Dataset:

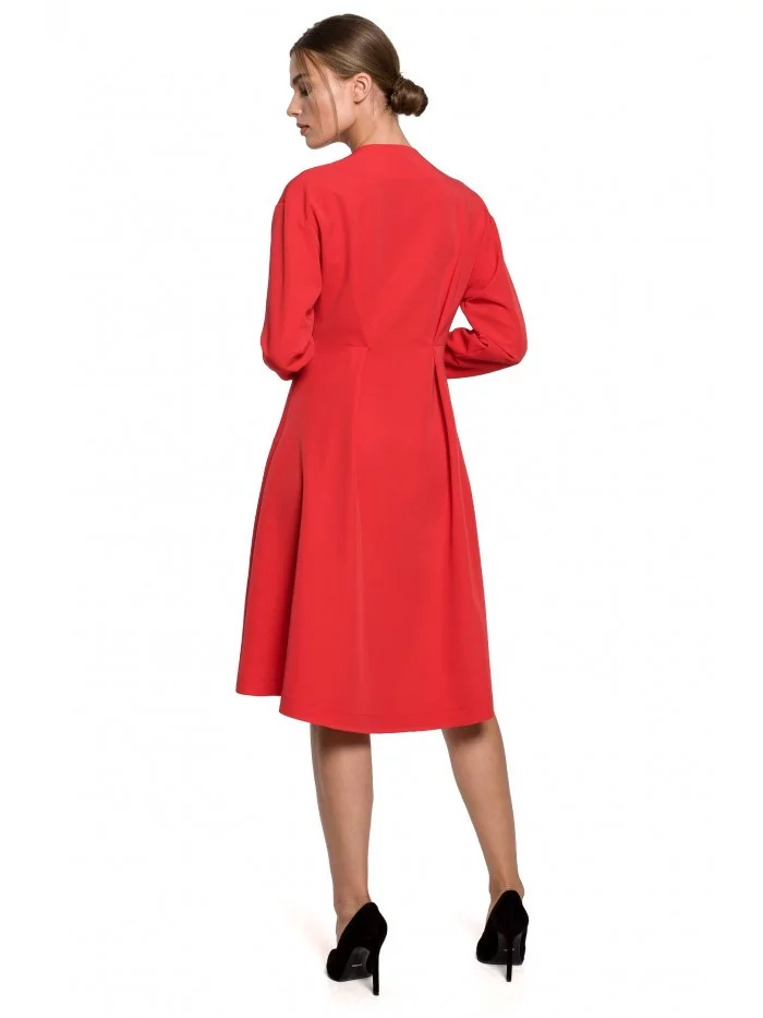 Velmi ženské a elegantní šaty ve fitted střihu s ozdobnými záhyby v pase a tříčtvrtečními rukávy. PODROBNOSTI O PRODUKTU: šaty z tkané látky s límcem zavinovací design s detailem kravaty na boku vnitřní skryté zapínání na knoflíky asymetrické zapínání vpředu skrytá šňůrka na zavazování na jedné straně a zapínání vpředu pod kolena délka bez podšívky naše modelka měří 174 cm a nosí velikost S
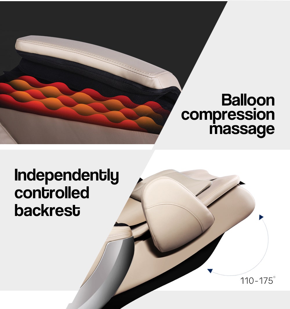 Drift into its capsule-like seat and immerse yourself in complete and total relaxation as the supple exterior softly supports your entire body. Feel the stress melt away as the Advanced Power-Ball Technology and heating function give you a revitalising kneading massage that simulates the gentle yet firm touch of 14 hands all at once! This combines seamlessly with a system of airbags that provide rhythmed pressure on your shoulders, forearms, buttocks and legs to promote blood circulation and relieve any muscle fatigue.
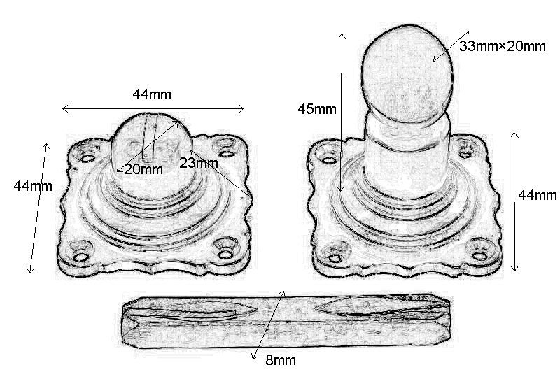 WC-Verschluss Messing poliert. Stiftmaße 8mm
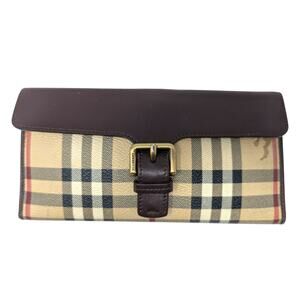 Get this classic luxury accessory for a steal! This 100% Authentic Burberry bifold wallet features the iconic Haymarket Check (Nova Check) canvas, beautifully finished with smooth brown leather trim and a chic gold-tone buckle closure.
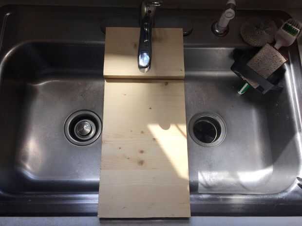 Medidas para asegurarse de que la madera empujó contra mi grifo del fregadero, pero también era no demasiado largos en cuanto a smoosh mi gnards al afilar.
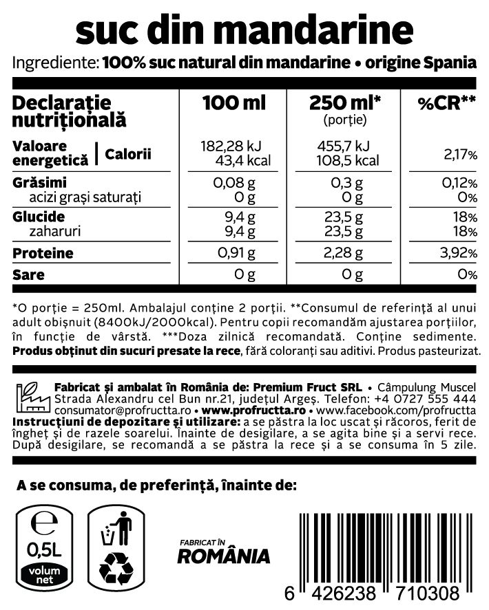 Ingrediente: 100% suc natural din mandarine (origine Spania).
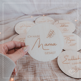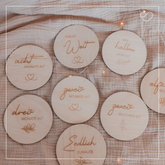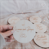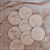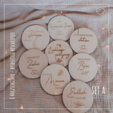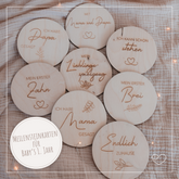 Unsere fein gravierten Holzscheiben begleiten euch von den ersten Tagen bis zu den wichtigsten Entwicklungsschritten – perfekt für Erinnerungsfotos, Alben oder als besonderes Geschenk zur Geburt.
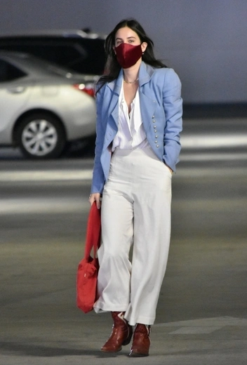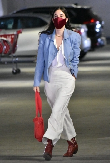 Из всех дочерей Деми Мур и Брюса Уиллиса Скаут Уиллис увлечена модой сильнее всех и часто удивляет обозревателей смелыми стритстайл-выходами. Девушка отдает предпочтение расслабленным фасонам, неформальной классике и легким летящим тканям. Так, знаменитость сочетает брючную комбинацию из широких брюк и блузы в белом цвете с голубым тканевым жакетом и коричневыми сапогами. Скаут дополняет лук сумкой и бархатной защитной маской в оттенках красного.

Your assignment: Exactly the lines from the one with "Medidas para asegurarse" through the end of the records are to be repeated, both ends included, and pictures are to be omitted.

Exercise output:
 Medidas para asegurarse de que la madera empujó contra mi grifo del fregadero, pero también era no demasiado largos en cuanto a smoosh mi gnards al afilar.
 Ingrediente: 100% suc natural din mandarine (origine Spania).
 Unsere fein gravierten Holzscheiben begleiten euch von den ersten Tagen bis zu den wichtigsten Entwicklungsschritten – perfekt für Erinnerungsfotos, Alben oder als besonderes Geschenk zur Geburt.
 Из всех дочерей Деми Мур и Брюса Уиллиса Скаут Уиллис увлечена модой сильнее всех и часто удивляет обозревателей смелыми стритстайл-выходами. Девушка отдает предпочтение расслабленным фасонам, неформальной классике и легким летящим тканям. Так, знаменитость сочетает брючную комбинацию из широких брюк и блузы в белом цвете с голубым тканевым жакетом и коричневыми сапогами. Скаут дополняет лук сумкой и бархатной защитной маской в оттенках красного.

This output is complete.